● **INSTRUCTIONS TO FOLLOW**: From the records below, print only the part that opens with the line containing "Delivery Note Template" and closes with the line containing "プロジェクトIDの入力までで"; omit the pictures.

● **DATA SHOWN**:
━━━━━━━━━━━━━━━━━━━━━━━━━━━━━━
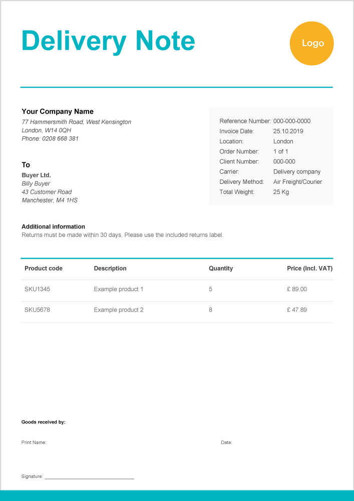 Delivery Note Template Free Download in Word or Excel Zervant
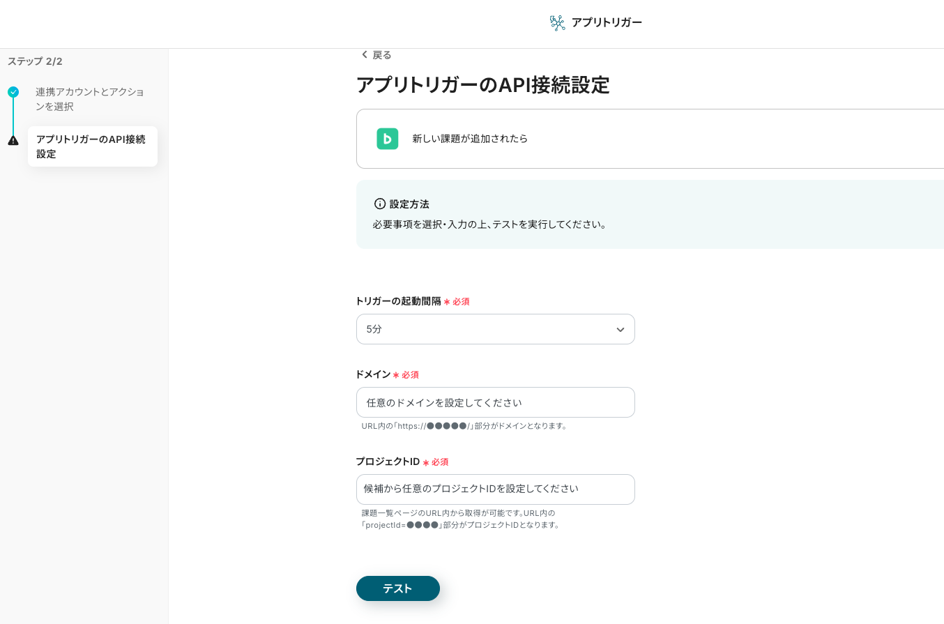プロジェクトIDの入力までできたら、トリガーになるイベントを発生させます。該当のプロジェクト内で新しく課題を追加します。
━━━━━━━━━━━━━━━━━━━━━━━━━━━━━━
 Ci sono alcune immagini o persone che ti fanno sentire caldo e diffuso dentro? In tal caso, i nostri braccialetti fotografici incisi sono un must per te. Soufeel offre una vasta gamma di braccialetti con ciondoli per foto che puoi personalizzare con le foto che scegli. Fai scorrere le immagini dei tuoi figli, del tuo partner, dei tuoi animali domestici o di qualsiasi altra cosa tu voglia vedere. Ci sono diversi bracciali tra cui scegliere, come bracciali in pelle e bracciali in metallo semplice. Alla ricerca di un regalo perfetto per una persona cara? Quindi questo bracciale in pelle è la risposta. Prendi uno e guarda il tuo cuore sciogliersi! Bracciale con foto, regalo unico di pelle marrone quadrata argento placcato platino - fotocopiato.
━━━━━━━━━━━━━━━━━━━━━━━━━━━━━━
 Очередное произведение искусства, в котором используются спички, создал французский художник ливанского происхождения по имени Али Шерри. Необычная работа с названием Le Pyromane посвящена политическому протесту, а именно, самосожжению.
━━━━━━━━━━━━━━━━━━━━━━━━━━━━━━
● **TASK RESULT**:
 Delivery Note Template Free Download in Word or Excel Zervant
プロジェクトIDの入力までできたら、トリガーになるイベントを発生させます。該当のプロジェクト内で新しく課題を追加します。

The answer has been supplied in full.